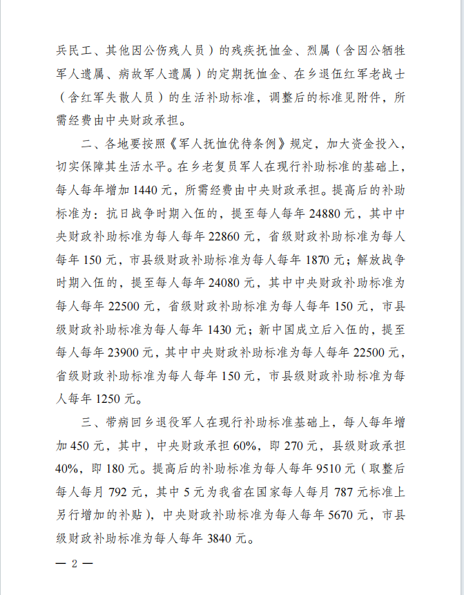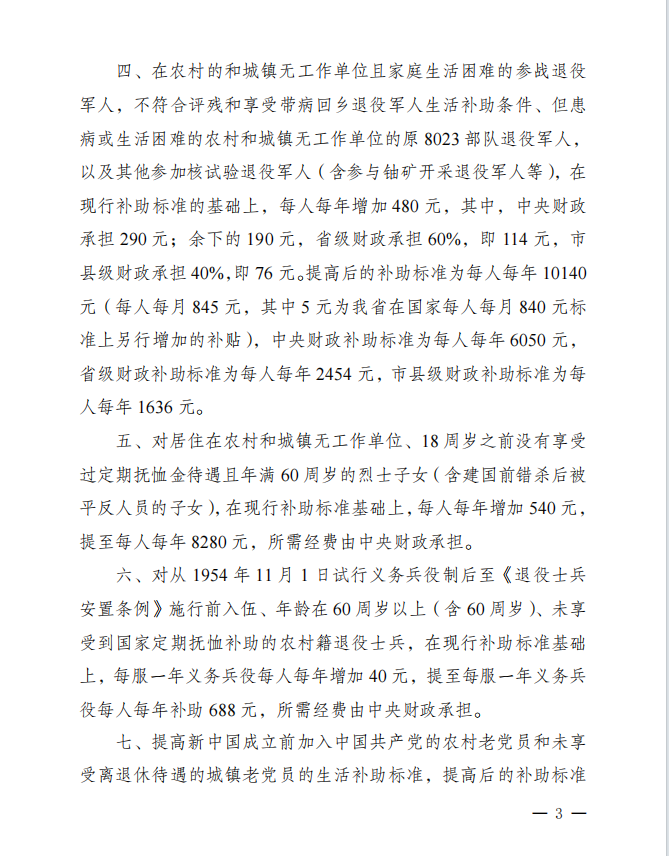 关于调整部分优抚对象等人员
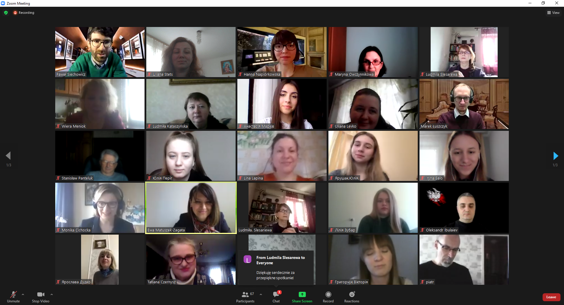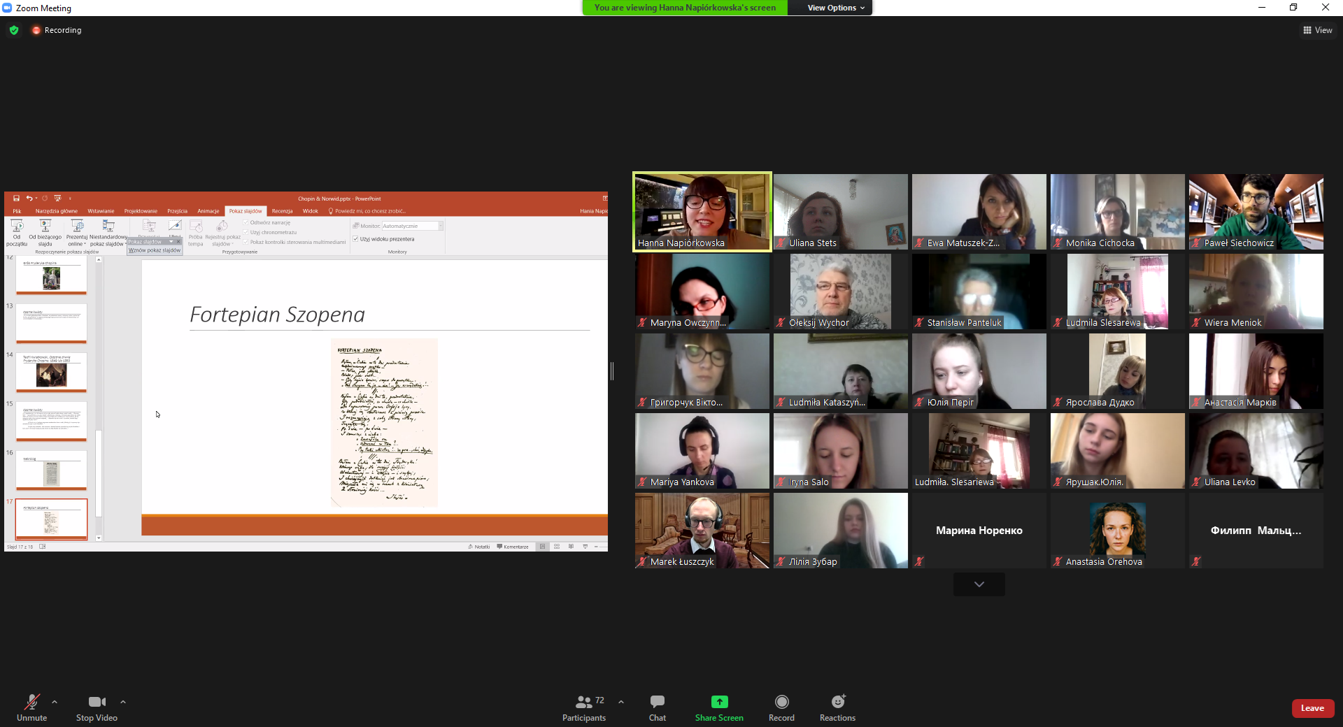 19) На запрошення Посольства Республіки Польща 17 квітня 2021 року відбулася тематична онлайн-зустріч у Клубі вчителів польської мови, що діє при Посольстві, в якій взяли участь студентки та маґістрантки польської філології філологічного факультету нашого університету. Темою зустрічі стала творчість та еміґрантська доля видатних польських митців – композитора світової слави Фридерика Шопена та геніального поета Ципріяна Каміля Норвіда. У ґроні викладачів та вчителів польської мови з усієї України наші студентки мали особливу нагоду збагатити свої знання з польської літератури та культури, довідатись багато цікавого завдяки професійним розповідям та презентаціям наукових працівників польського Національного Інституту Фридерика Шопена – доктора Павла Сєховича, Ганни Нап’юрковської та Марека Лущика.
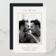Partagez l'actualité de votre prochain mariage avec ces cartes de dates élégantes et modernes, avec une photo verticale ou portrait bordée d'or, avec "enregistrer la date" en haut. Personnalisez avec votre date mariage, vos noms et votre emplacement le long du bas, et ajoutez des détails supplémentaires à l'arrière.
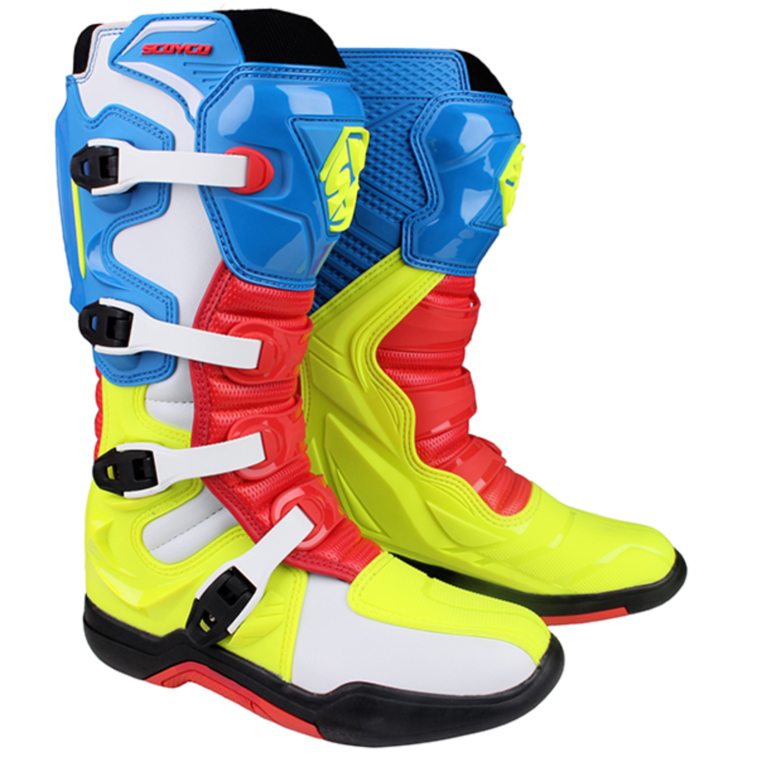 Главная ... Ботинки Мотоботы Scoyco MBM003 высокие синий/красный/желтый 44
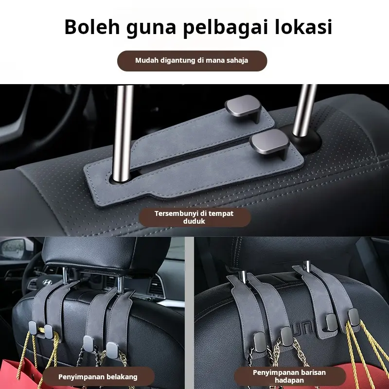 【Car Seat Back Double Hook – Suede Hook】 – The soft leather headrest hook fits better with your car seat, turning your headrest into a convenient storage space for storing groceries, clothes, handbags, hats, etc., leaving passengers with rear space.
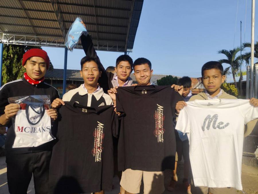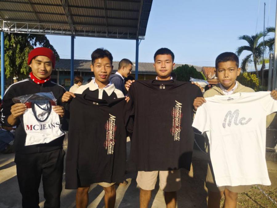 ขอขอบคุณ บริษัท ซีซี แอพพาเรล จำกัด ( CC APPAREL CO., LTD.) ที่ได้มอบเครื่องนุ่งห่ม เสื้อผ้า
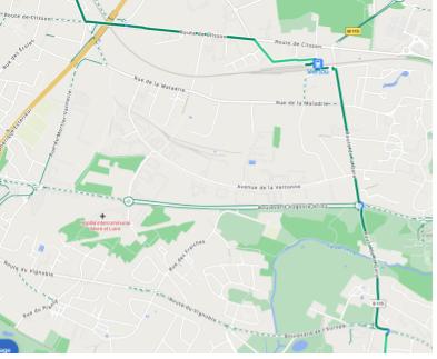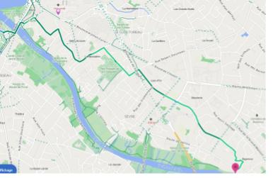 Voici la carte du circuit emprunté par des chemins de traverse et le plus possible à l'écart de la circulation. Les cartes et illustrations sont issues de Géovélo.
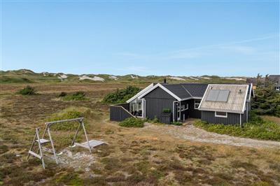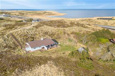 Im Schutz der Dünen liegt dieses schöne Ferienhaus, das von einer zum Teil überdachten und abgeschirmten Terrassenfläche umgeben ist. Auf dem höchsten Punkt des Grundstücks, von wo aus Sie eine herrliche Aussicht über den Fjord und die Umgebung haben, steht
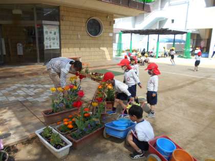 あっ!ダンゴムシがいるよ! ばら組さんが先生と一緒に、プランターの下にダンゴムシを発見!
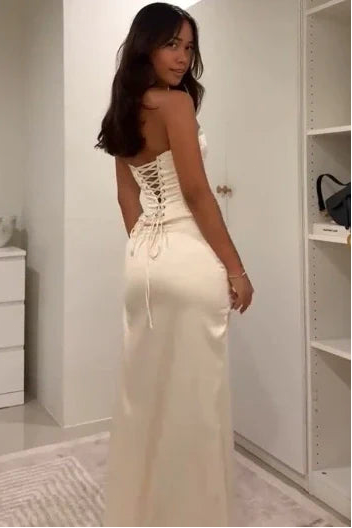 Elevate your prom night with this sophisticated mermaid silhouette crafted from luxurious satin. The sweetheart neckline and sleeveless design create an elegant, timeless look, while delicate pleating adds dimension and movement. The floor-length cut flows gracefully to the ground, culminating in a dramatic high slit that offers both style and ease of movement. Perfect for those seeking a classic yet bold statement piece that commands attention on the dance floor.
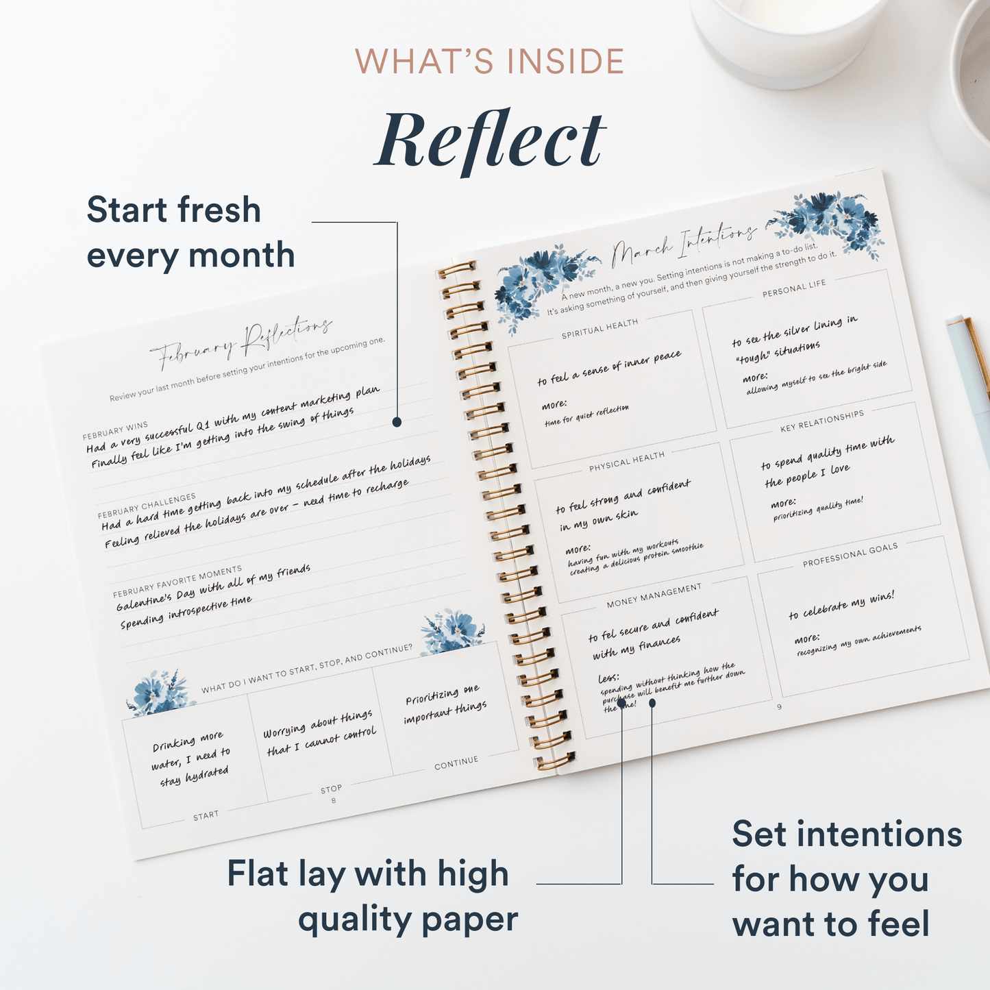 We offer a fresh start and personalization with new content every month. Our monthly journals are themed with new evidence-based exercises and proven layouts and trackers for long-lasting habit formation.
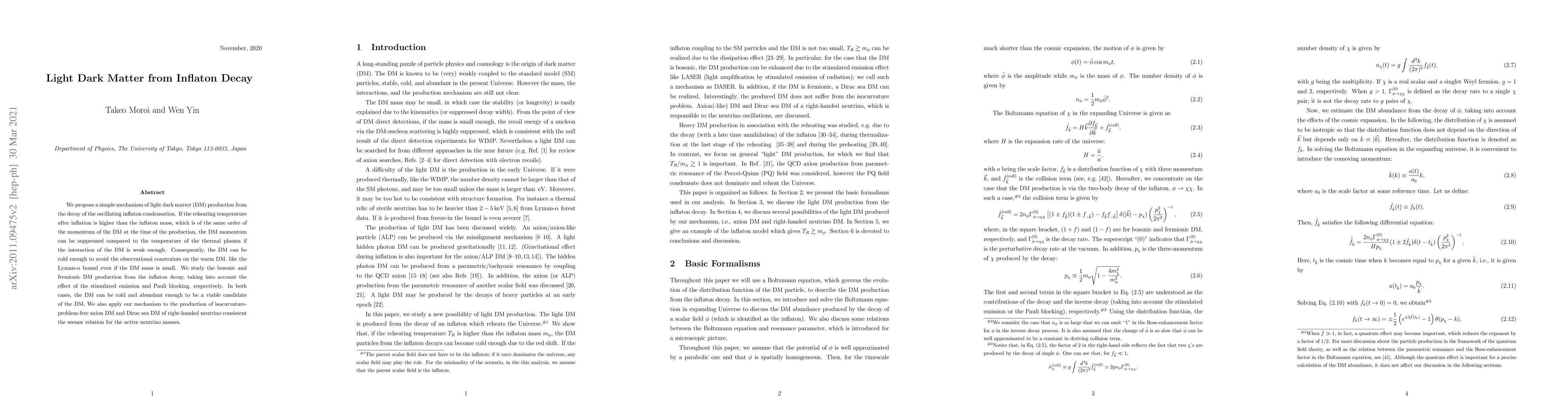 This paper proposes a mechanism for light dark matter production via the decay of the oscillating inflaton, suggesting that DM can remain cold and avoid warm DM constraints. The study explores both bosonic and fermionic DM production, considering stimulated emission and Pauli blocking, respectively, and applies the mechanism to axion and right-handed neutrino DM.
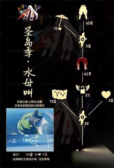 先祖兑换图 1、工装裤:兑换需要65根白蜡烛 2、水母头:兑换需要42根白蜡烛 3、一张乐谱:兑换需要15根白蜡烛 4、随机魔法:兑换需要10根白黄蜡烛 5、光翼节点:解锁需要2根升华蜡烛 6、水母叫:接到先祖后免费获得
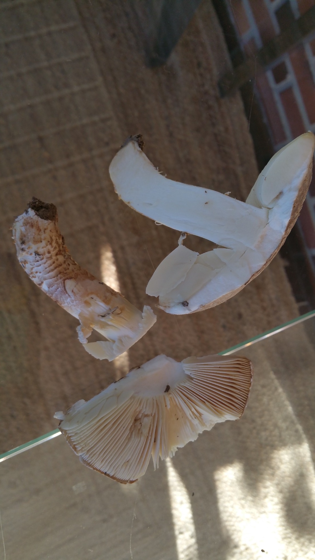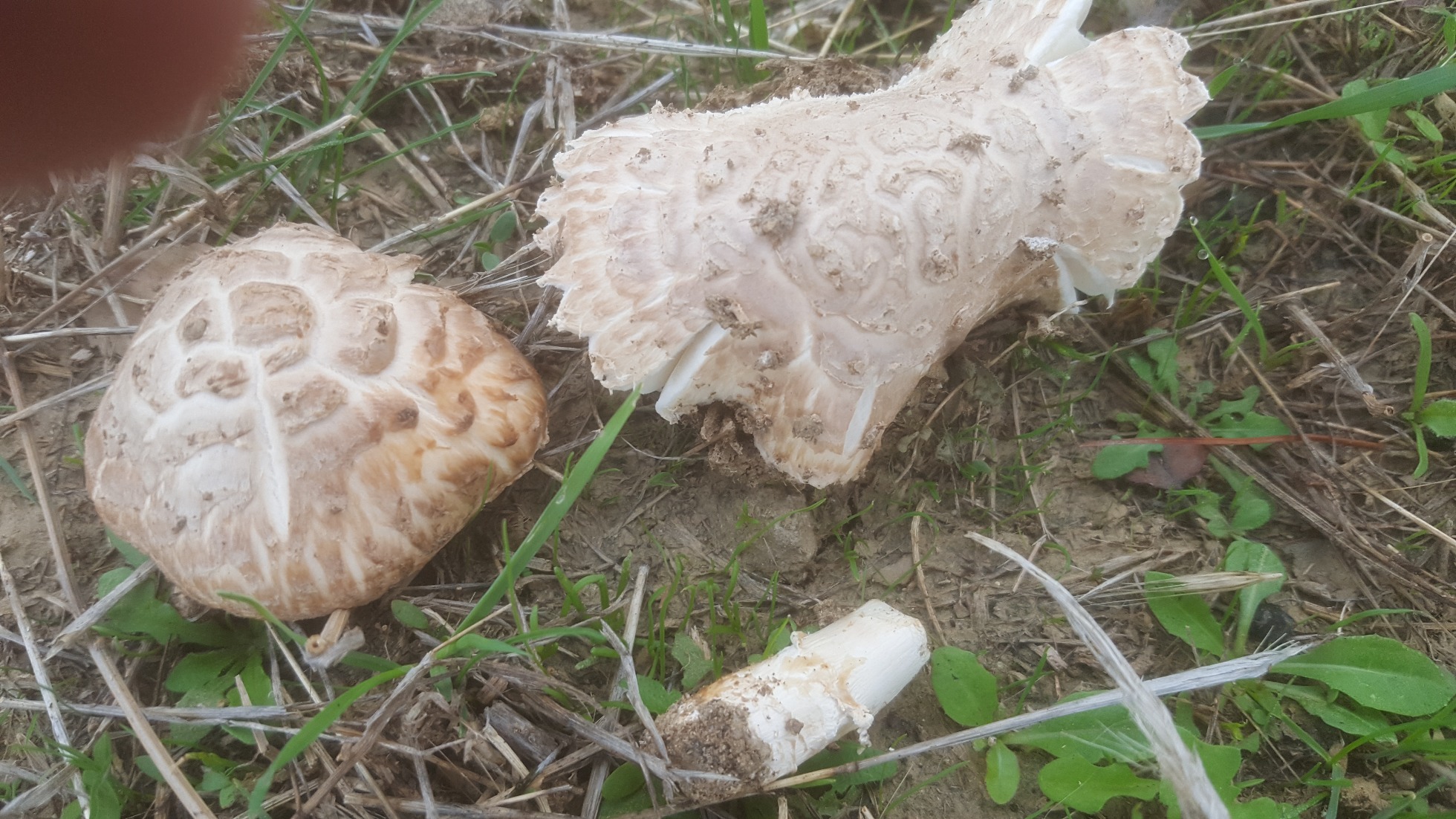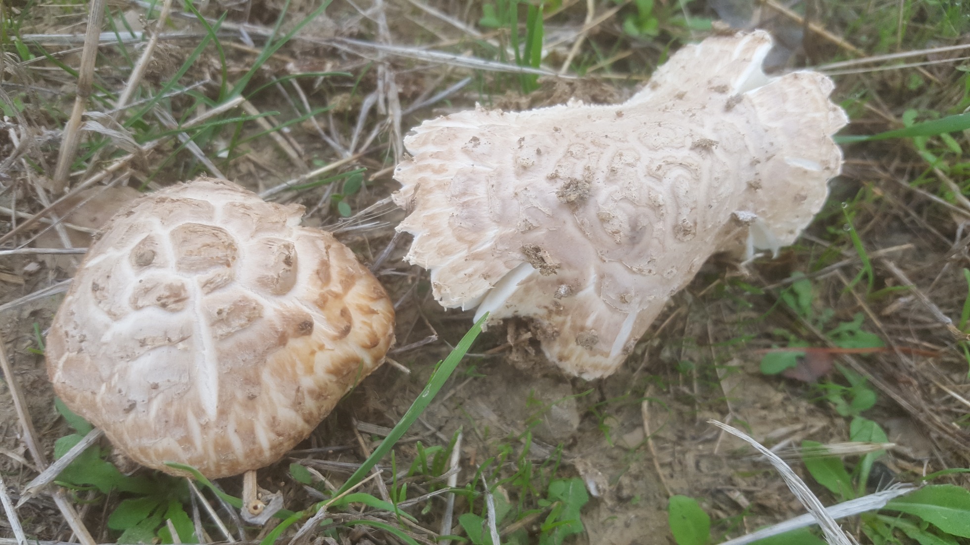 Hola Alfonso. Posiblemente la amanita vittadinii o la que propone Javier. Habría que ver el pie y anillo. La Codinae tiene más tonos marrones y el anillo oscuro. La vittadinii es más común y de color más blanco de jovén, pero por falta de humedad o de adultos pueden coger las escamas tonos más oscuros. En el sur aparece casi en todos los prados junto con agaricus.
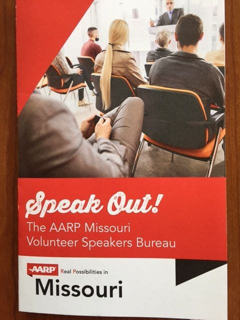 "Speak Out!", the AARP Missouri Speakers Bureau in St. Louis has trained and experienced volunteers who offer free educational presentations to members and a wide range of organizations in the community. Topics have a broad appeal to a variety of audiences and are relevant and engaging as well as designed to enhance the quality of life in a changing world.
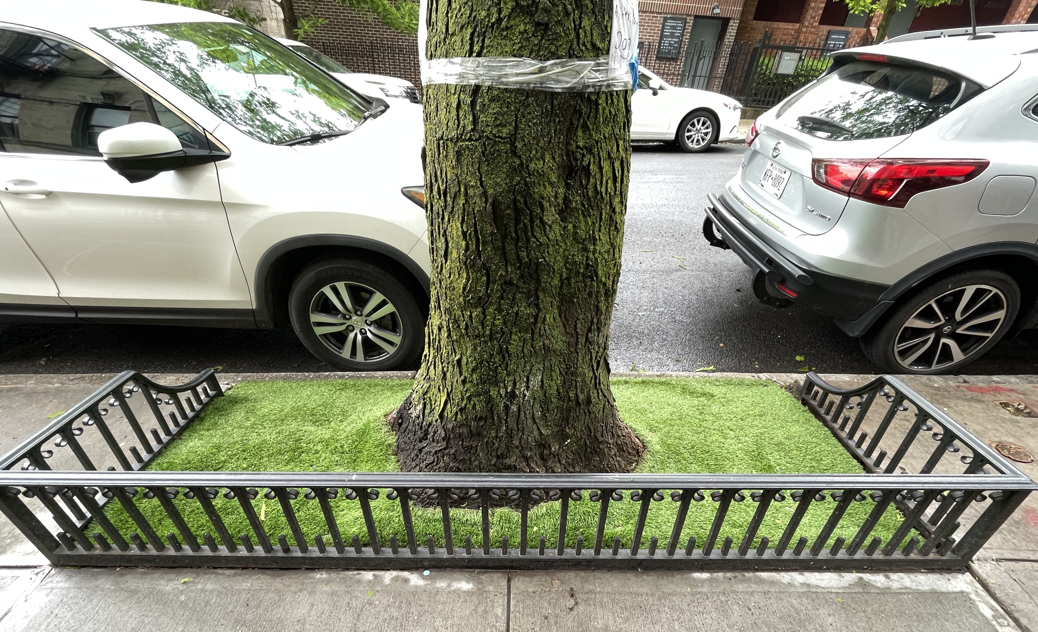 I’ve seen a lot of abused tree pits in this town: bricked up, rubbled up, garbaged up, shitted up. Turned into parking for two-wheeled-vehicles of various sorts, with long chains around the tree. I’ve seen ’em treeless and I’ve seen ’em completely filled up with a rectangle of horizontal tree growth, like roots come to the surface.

DESCRIPTION OF THE TASK:
A word-for-word restatement of all the lines above is needed, with the pictures omitted.

ANSWER TO THIS EXERCISE:
 关于调整部分优抚对象等人员
 19) На запрошення Посольства Республіки Польща 17 квітня 2021 року відбулася тематична онлайн-зустріч у Клубі вчителів польської мови, що діє при Посольстві, в якій взяли участь студентки та маґістрантки польської філології філологічного факультету нашого університету. Темою зустрічі стала творчість та еміґрантська доля видатних польських митців – композитора світової слави Фридерика Шопена та геніального поета Ципріяна Каміля Норвіда. У ґроні викладачів та вчителів польської мови з усієї України наші студентки мали особливу нагоду збагатити свої знання з польської літератури та культури, довідатись багато цікавого завдяки професійним розповідям та презентаціям наукових працівників польського Національного Інституту Фридерика Шопена – доктора Павла Сєховича, Ганни Нап’юрковської та Марека Лущика.
Partagez l'actualité de votre prochain mariage avec ces cartes de dates élégantes et modernes, avec une photo verticale ou portrait bordée d'or, avec "enregistrer la date" en haut. Personnalisez avec votre date mariage, vos noms et votre emplacement le long du bas, et ajoutez des détails supplémentaires à l'arrière.
 Главная ... Ботинки Мотоботы Scoyco MBM003 высокие синий/красный/желтый 44
 【Car Seat Back Double Hook – Suede Hook】 – The soft leather headrest hook fits better with your car seat, turning your headrest into a convenient storage space for storing groceries, clothes, handbags, hats, etc., leaving passengers with rear space.
 ขอขอบคุณ บริษัท ซีซี แอพพาเรล จำกัด ( CC APPAREL CO., LTD.) ที่ได้มอบเครื่องนุ่งห่ม เสื้อผ้า
 Voici la carte du circuit emprunté par des chemins de traverse et le plus possible à l'écart de la circulation. Les cartes et illustrations sont issues de Géovélo.
 Im Schutz der Dünen liegt dieses schöne Ferienhaus, das von einer zum Teil überdachten und abgeschirmten Terrassenfläche umgeben ist. Auf dem höchsten Punkt des Grundstücks, von wo aus Sie eine herrliche Aussicht über den Fjord und die Umgebung haben, steht
 あっ!ダンゴムシがいるよ! ばら組さんが先生と一緒に、プランターの下にダンゴムシを発見!
 Elevate your prom night with this sophisticated mermaid silhouette crafted from luxurious satin. The sweetheart neckline and sleeveless design create an elegant, timeless look, while delicate pleating adds dimension and movement. The floor-length cut flows gracefully to the ground, culminating in a dramatic high slit that offers both style and ease of movement. Perfect for those seeking a classic yet bold statement piece that commands attention on the dance floor.
 We offer a fresh start and personalization with new content every month. Our monthly journals are themed with new evidence-based exercises and proven layouts and trackers for long-lasting habit formation.
 This paper proposes a mechanism for light dark matter production via the decay of the oscillating inflaton, suggesting that DM can remain cold and avoid warm DM constraints. The study explores both bosonic and fermionic DM production, considering stimulated emission and Pauli blocking, respectively, and applies the mechanism to axion and right-handed neutrino DM.
 先祖兑换图 1、工装裤:兑换需要65根白蜡烛 2、水母头:兑换需要42根白蜡烛 3、一张乐谱:兑换需要15根白蜡烛 4、随机魔法:兑换需要10根白黄蜡烛 5、光翼节点:解锁需要2根升华蜡烛 6、水母叫:接到先祖后免费获得
 Hola Alfonso. Posiblemente la amanita vittadinii o la que propone Javier. Habría que ver el pie y anillo. La Codinae tiene más tonos marrones y el anillo oscuro. La vittadinii es más común y de color más blanco de jovén, pero por falta de humedad o de adultos pueden coger las escamas tonos más oscuros. En el sur aparece casi en todos los prados junto con agaricus.
 "Speak Out!", the AARP Missouri Speakers Bureau in St. Louis has trained and experienced volunteers who offer free educational presentations to members and a wide range of organizations in the community. Topics have a broad appeal to a variety of audiences and are relevant and engaging as well as designed to enhance the quality of life in a changing world.
 I’ve seen a lot of abused tree pits in this town: bricked up, rubbled up, garbaged up, shitted up. Turned into parking for two-wheeled-vehicles of various sorts, with long chains around the tree. I’ve seen ’em treeless and I’ve seen ’em completely filled up with a rectangle of horizontal tree growth, like roots come to the surface.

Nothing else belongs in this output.